:: Provided records ::

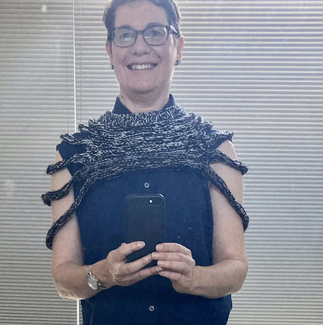 Here is a recent knitting project I did. I call it my strangled octopus! It was a lot of fun and I’m looking forward to how it will enliven my winter wardrobe. It can also be rotated like a poncho and worn with arms in the holes.
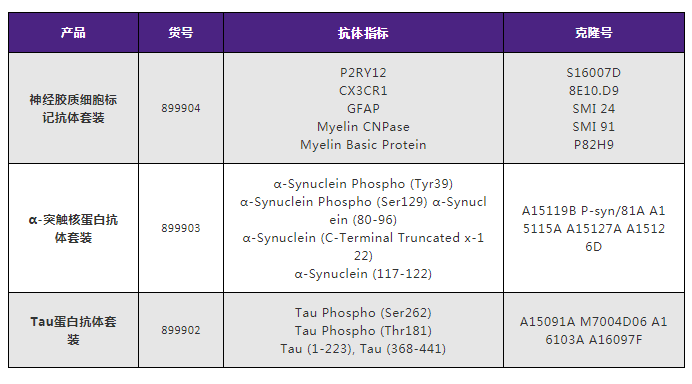 神經(jīng)膠質(zhì)細(xì)胞抗體套裝中包含檢測(cè)常見神經(jīng)膠質(zhì)細(xì)胞的標(biāo)記物,如趨化因子受體1抗體(CX3CR1)、膠質(zhì)纖維酸性蛋白(GFAP)、髓磷脂(Myelin)和嘌呤能受體(P2RY12)。其中的輔助試劑可以檢測(cè)各種屬磷酸化或總α-突觸核蛋白/Tau,這些聚集物與阿爾茨海默癥和帕金森皆有重大關(guān)聯(lián)。
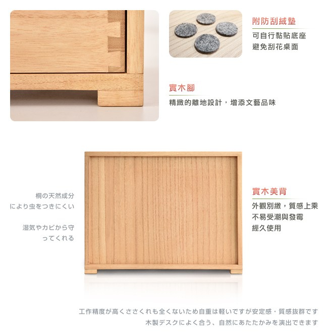 總是將小物全數扔在書桌抽屜裡,每次都要東翻西找嗎?袖珍博物館實木收納櫃系列,將飾品、印鑑、存摺簿、文具、茶包等日用品妥善收好,方便拿取。一個收納的小改變,除了讓桌面變得整齊外,做事情也將更有效率。使用千年古法・鳩尾榫接是最強固的接合法之一,能抗拉力、推力,堅固耐用。經典風格的復古銅製把手,簡單卻令人印象深刻,好握好開,順暢拉開抽屜。可放入標籤,方便分類。實木美背,外觀別緻,質感上乘,不易受潮與發霉,經久使用。附防刮軟墊避免刮花桌面,且不易滑動。
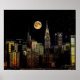 New York Skyline bei Nacht mit Vollmond Poster
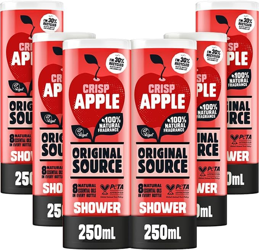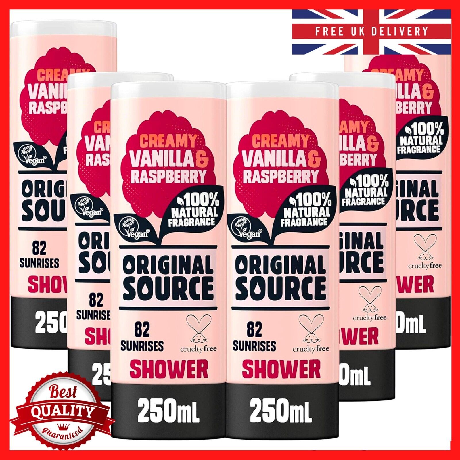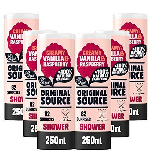 Original Source Vanilla & Raspberry Shower Gel, 100 Percent Natural Fragrance, Vegan, Cruelty Free, Paraben Free, Bulk Buy, Pack of 6 x 250 ml
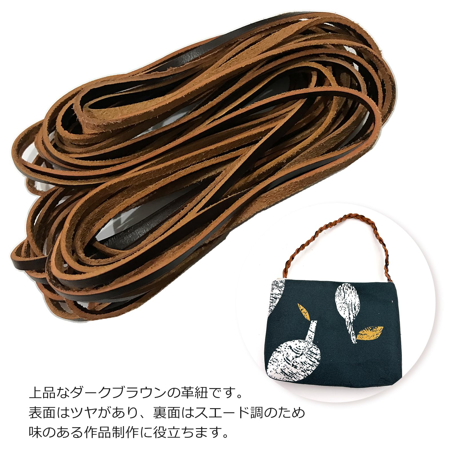 シンプルながら高級感漂うダークブラウンの革紐 平紐は、作品の完成度をワンランク引き上げます。編み込みや装飾に、またレザーアイテムの補修にも適した、多用途に活躍する革素材です。
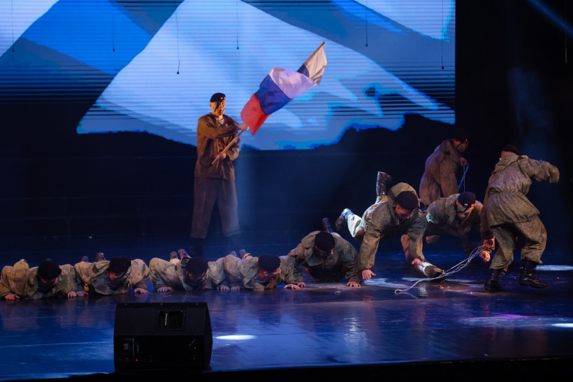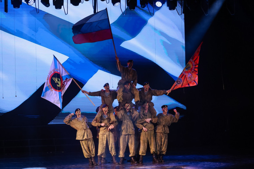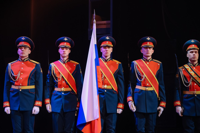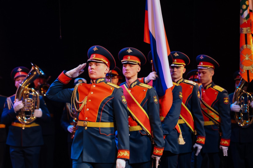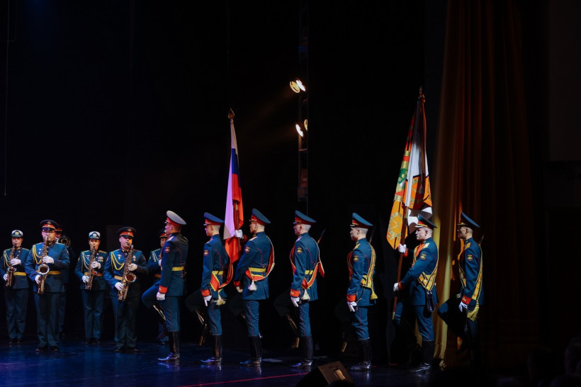 Церемония началась с торжественного выноса Государственного флага РФ и боевого знамени училища — под военный марш оркестра ДВОКУ. Огромный зал ОКЦ встречал этот момент стоя.
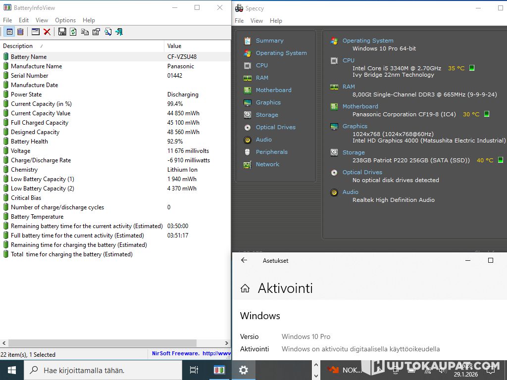 Koneessa uusi 256 GB SSD-levy, myös laturi on uusi.
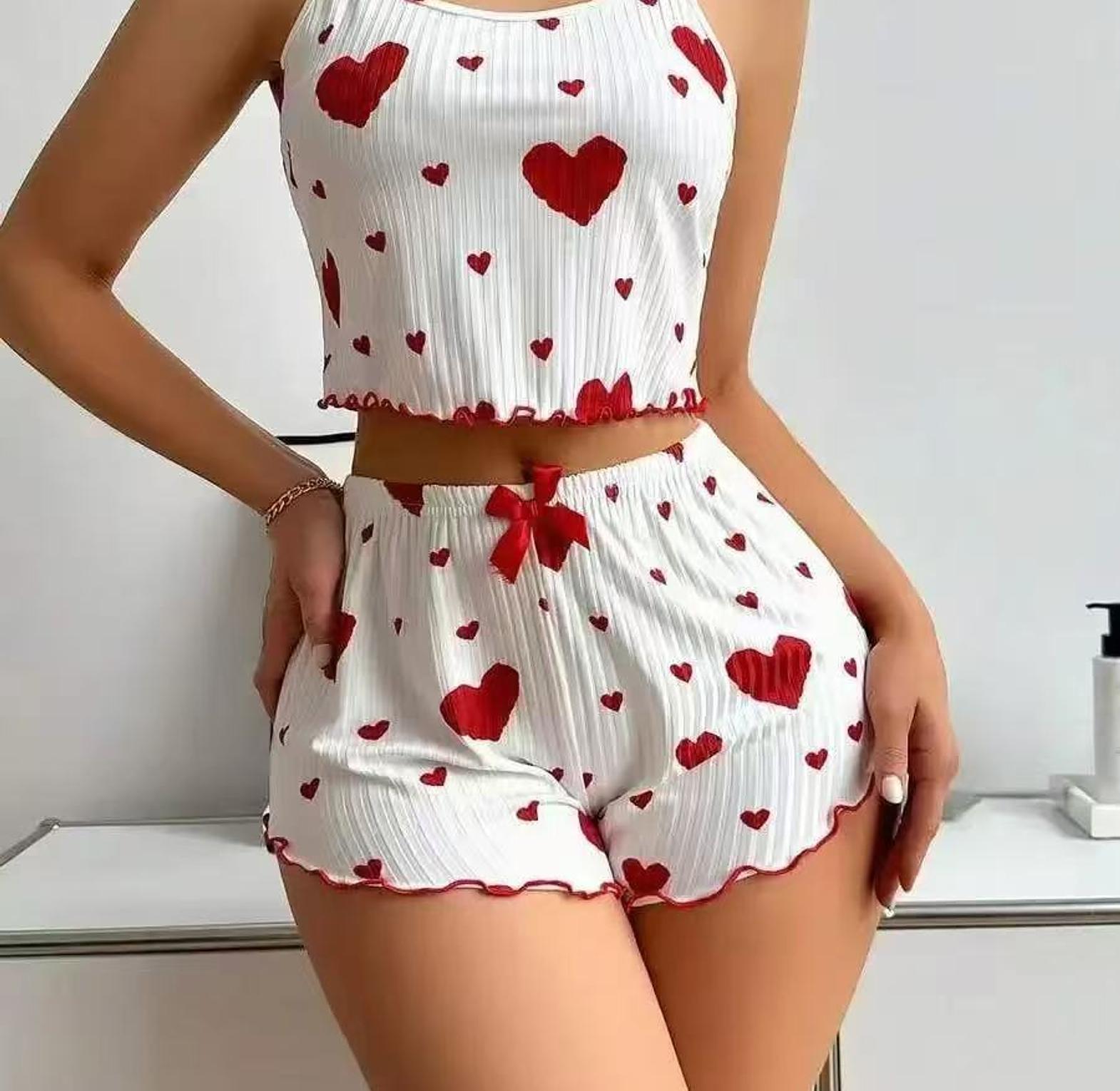 Summer Sleepwear Women Heart Print Relaxed Fit Pajama Set Round Neck Backless Crop Cami Top and Shorts Set Loungewear
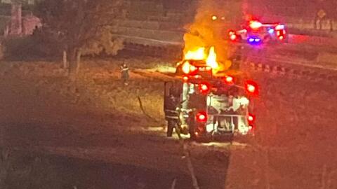 Police say at approximately 3:17 a.m., they received a call reporting a vehicle fire on Route 1&9 north near Newark International Airport.
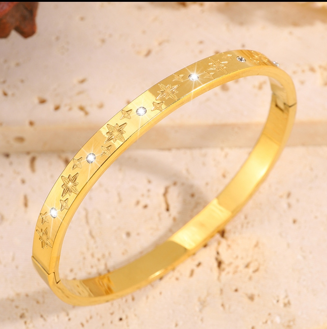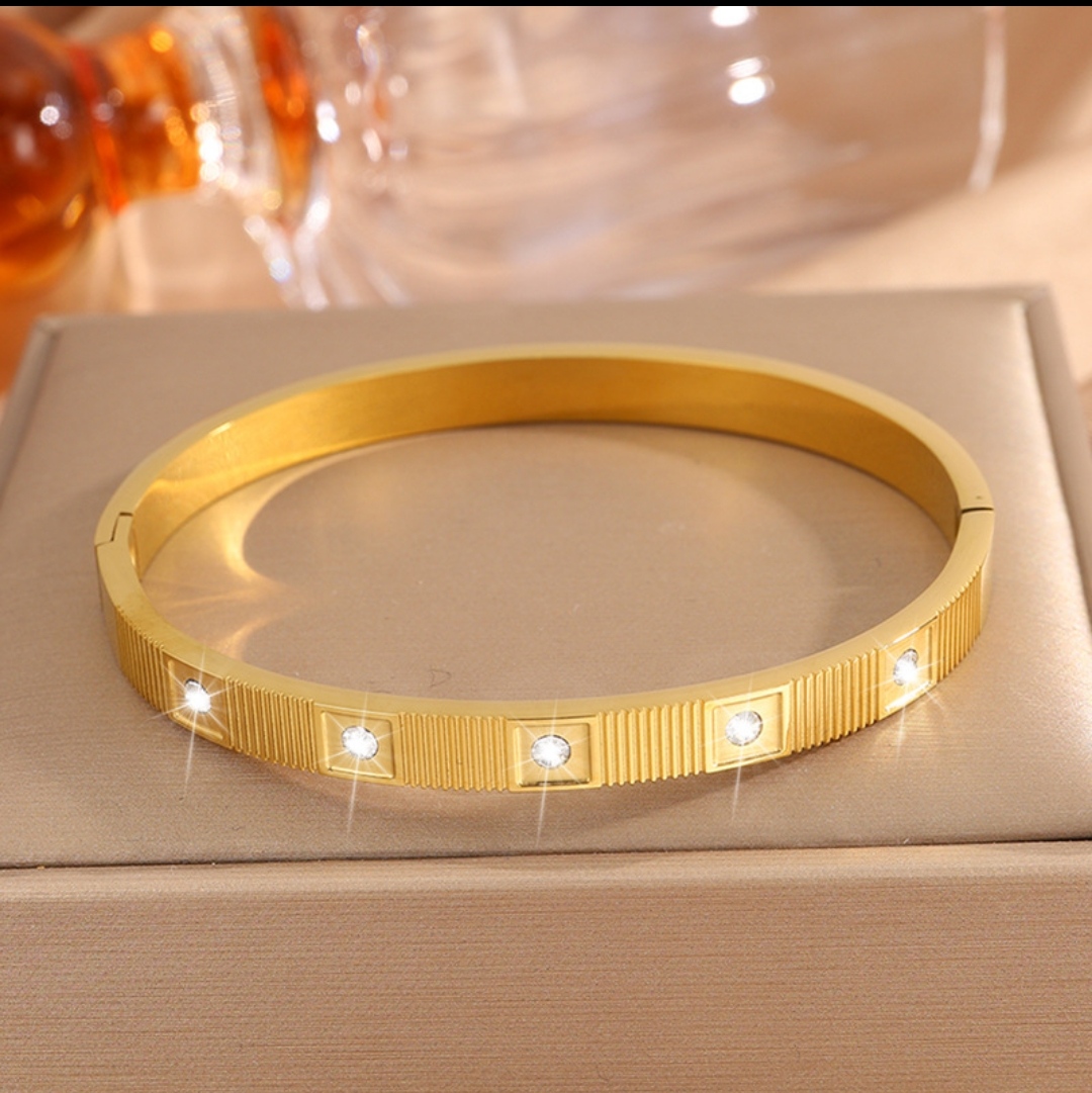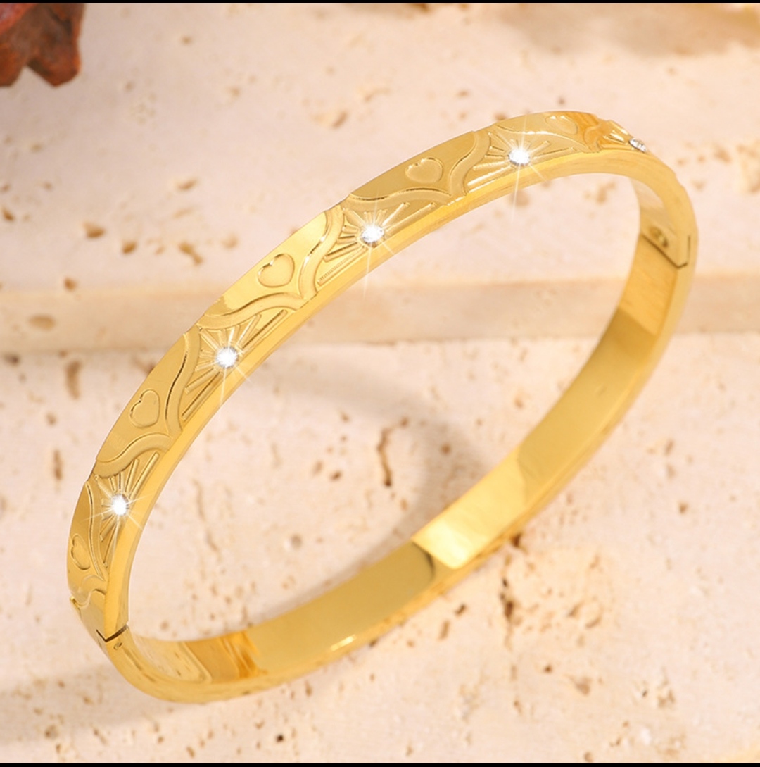 轻奢白搭不锈钢压印镀金手镯新颖多规格多款式
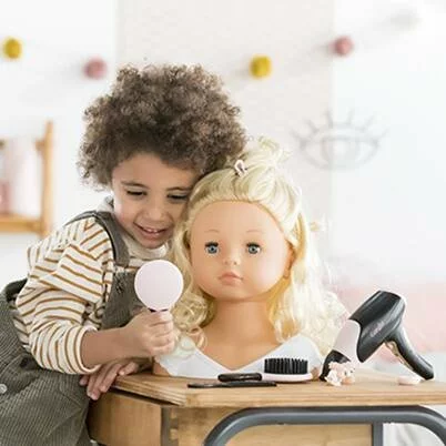 Le Coffret Coiffure dispose de 14 accessoires réalistes (1 sèche-cheveux; 1 brosse; 1 miroir à main; 1 peigne; 2 grandes pinces à griffes; 3 petites pinces à griffes; 2 pinces plates à cheveux et 3 chouchous.) pour créer de nombreuses coiffures ! Le sèche-cheveux électronique a tout d’un vrai ! L’embout est amovible – Il fait du bruit – Il souffle de l’air (à température ambiante) – Le Coffret Coiffure Corolle est idéal pour compléter la Tête à Coiffer Princesse des Fleurs de Corolle et passer des heures à imaginer toujours plus de nouvelles coiffures !
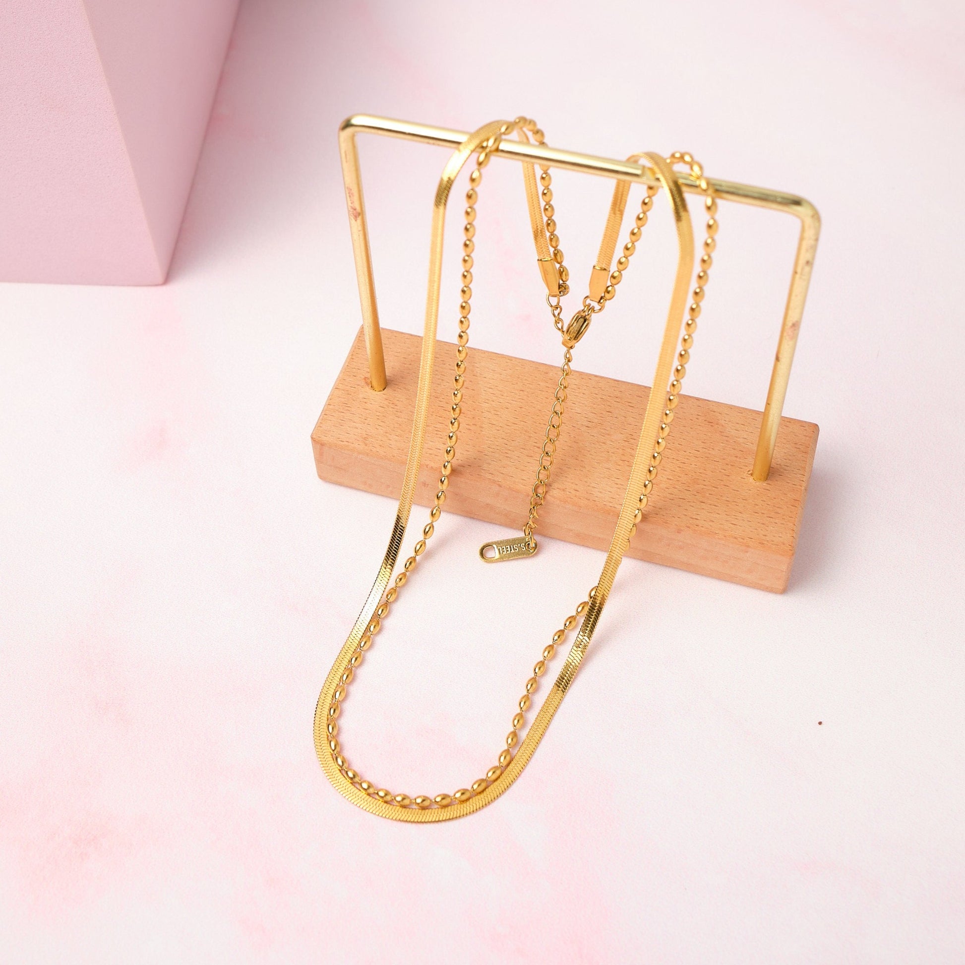 • Collar de doble caída en acero inoxidable 316L.

:::

▶ [To do]
Retype, exactly and only, the lines from the one containing "Summer Sleepwear Women" through the end of the entries, both ends included, and omit all pictures.

▶ [Result below]
 Summer Sleepwear Women Heart Print Relaxed Fit Pajama Set Round Neck Backless Crop Cami Top and Shorts Set Loungewear
 Police say at approximately 3:17 a.m., they received a call reporting a vehicle fire on Route 1&9 north near Newark International Airport.
 轻奢白搭不锈钢压印镀金手镯新颖多规格多款式
 Le Coffret Coiffure dispose de 14 accessoires réalistes (1 sèche-cheveux; 1 brosse; 1 miroir à main; 1 peigne; 2 grandes pinces à griffes; 3 petites pinces à griffes; 2 pinces plates à cheveux et 3 chouchous.) pour créer de nombreuses coiffures ! Le sèche-cheveux électronique a tout d’un vrai ! L’embout est amovible – Il fait du bruit – Il souffle de l’air (à température ambiante) – Le Coffret Coiffure Corolle est idéal pour compléter la Tête à Coiffer Princesse des Fleurs de Corolle et passer des heures à imaginer toujours plus de nouvelles coiffures !
 • Collar de doble caída en acero inoxidable 316L.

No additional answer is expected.